A Night at a Five Star Hotel




I booked a room through www.ctrip.com at the Beijing Nikko New Century Hotel, a five star hotel run by Japan Airlines, The hotel is located in the western part of the city between the third and the second ring road. Booking through ctrip, the hotel was only 788 Yuan ($100) per night.

As I got there on foot, finding the entrance was the first challenge. I walked around the whole hotel past construction workers who all stared at me wondering what the strange “laowai” (foreigner) with the bag in her hand was doing wandering all the way around the hotel. Once I got to the entrance, I found out that I could have gotten there so much easier had I taken the entrance from Xizhimen Road. In any case, this is something that won’t happen to you if you take a taxi.

hotel from the outside

The hotel looked okay from the outside, though of course not as nice as on the pictures I’d seen. The lobby was really plush, although it was almost a bit too much with all the gold ornaments, little lights on the ceiling, and the palm trees next to the counter selling mooncakes for the mid-autumn festival, which was two days ago.

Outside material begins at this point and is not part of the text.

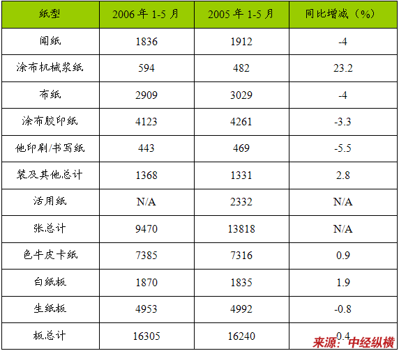 美国造纸 行业 2006年1-5月纸张/纸板产量

Checking in in English was no problem. The fuwuyuan (universal term in the north of China referring to all service staff whether in a hotel, a restaurant, a shop or anywhere else) spoke English well enough to explain everything that was necessary and answer my questions. I had to carry my luggage upstairs myself, but I only had one bag, so I don’t know whether it would have been any different had I had more luggage.
As the elevator sped up to the 18th floor where my room was, I was getting more excited.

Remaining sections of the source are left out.